Design and construction
- Known for: hiyang hirens and tanna his

= Hijagang =

The Hijagang (Meitei pronunciation: hī-ja-gāng) is a boathouse inside the Kangla Fort in Imphal, India. It houses four traditional Meitei watercraft, including two hiyang hirens (Royal racing boats) and two tanna his (commoners' racing boats). (Note: Terms like canoe and dugout are also used besides watercraft and boat to refer to the "Hiyang Hiren"s and the "Tanna Hi"s.) According to Meitei religious beliefs, the hiyang hirens are used by the male ancestral deity (Ibudhou) and female ancestral deity (Ibendhou) and are sacred to the Meiteis, the major ethnic group of Manipur.

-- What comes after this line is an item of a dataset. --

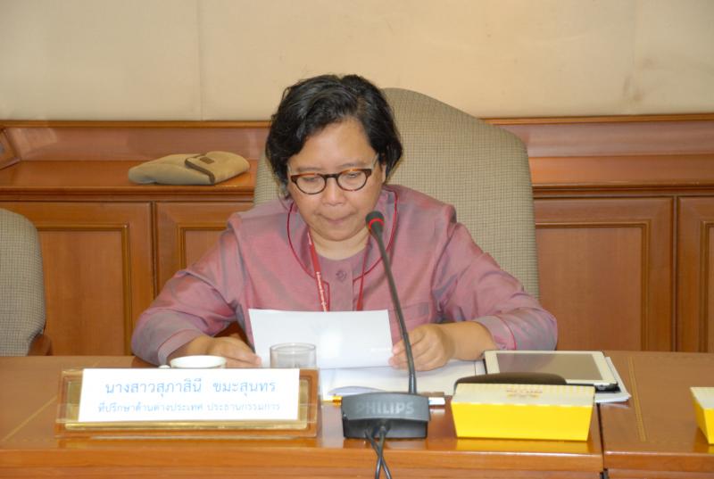 โดยมีนางสาวสุภาสินี  ขมะสุนทร ที่ปรึกษาด้านต่างประเทศ เป็นประธานในการประชุมฯ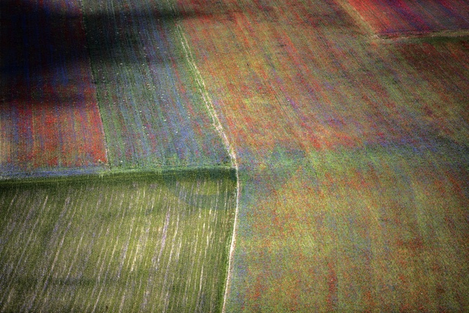 Ciekawostka - kolorowe pola kwitnacej soczewicy we Wloszech

== Construction and inauguration ==
The construction of the Hijagang watercraft storage building started in the year 2010 and completed in the year 2013.

On 21 August 2013, with the performances of necessary religious rites and rituals by the Amaibas (priests) and the Amaibis (priestesses) in the early morning, the Hijagang was inaugurated by Okram Ibobi Singh, the then Chief Minister of Manipur, who was also the then President of "Kangla Fort Board".

== Featuring watercrafts ==
=== Crafting processes and inaugural ===
According to RK Nimai, the then Commissioner of the Department of Arts and Culture, Government of Manipur, the two kinds of watercrafts were made from special kind of trees brought from Khamsom village in Senapati district of Manipur. The crafting processes were initiated in Khamsom in the year 2007. Later, the woods for crafting the Hiyang Hirens were brought to the Kangla on 6 June 2007, with the work of sculpturing getting commenced 2 days later. The watercrafts were made by a four-member team under the leadership of craftsman L. Thoiba. Later, the watercrafts were inaugurated on 19 February 2010 (3 years before the completion of the building construction).
=== Crafting materials used ===
The hiyang hiren are made of uningthou and the tanna hi of tairen.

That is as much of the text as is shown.